萧逸不信自己会输,更不相信曾经深爱他的倾城会离他远去。于是在倾城转身那刻,他从背后抱住她,紧紧圈住:“倾城,我后悔了...离开你后的每个日夜,我都活在悔恨中...你...别离开我,跟我走。”萧逸有些语无伦次,口气将近哀求,一张俊脸贴着她的脖颈极紧。
顾倾城被他大胆的举止吓得不轻,连连挣扎,这后院,虽然丫鬟已被她遣走,但这光天化日的,一个朝廷重臣肆无忌惮地抱着大将军的女人,若是落在有心之人眼里,不知道又会闹出多少事。
秦夜不知是何时,出现在的后院。
他冷眼看着眼前拉扯不清的男女,脸色沉得吓人。
“萧大人。”秦夜低沉着嗓音道。
顾倾城在听到这阵熟悉的声音后,顿觉头顶有一记闷雷劈过,她脚心一软,摊到在地。
而萧逸,早在看到秦夜之时,已先行一步放开她。
秦夜这才走上前去,一把扶起顾倾城,而后似笑非笑地看向萧逸:“萧大人,你来这做什么?”

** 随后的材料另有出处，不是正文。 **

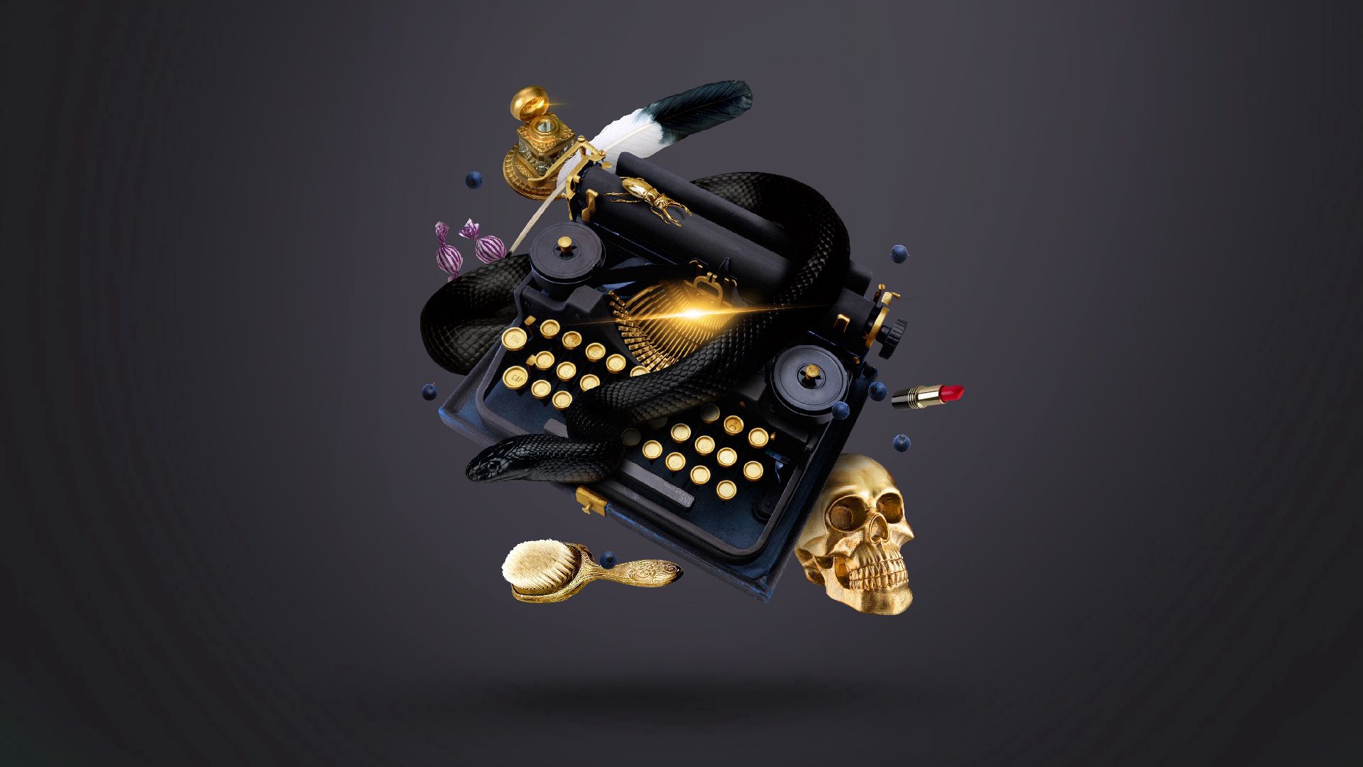 1920×1080 126.34 Kb ink skull abstract snake typewriter witch

面对秦夜的质问,萧逸的脸色变了变,但他还是装成若无其事的样子道:“没什么,只是跟倾城多年不见,所以来找她叙叙旧罢了。”
“哦?你确定是在叙旧?”秦夜反问,话里有话。叙旧叙到抱着他夫人不放?
萧逸也觉得这个理由有点牵强,一时不知该如何作答,反正该看到的,不该看到了,秦夜都已经一览无痕了,那他说下去显得更假。
见萧逸沉默,秦夜冷笑了下:“萧大人,您此行是例行公事的,所以,这秦家后院,还是少来的好。”
说罢,眼神清冷地扫向他身后的赫武:“替我送客”而后,也顾不得萧逸,一把横抱起怀里那个早已瘫软无力的女子,往房里走去。
萧逸苦涩一笑,这算是警告吗?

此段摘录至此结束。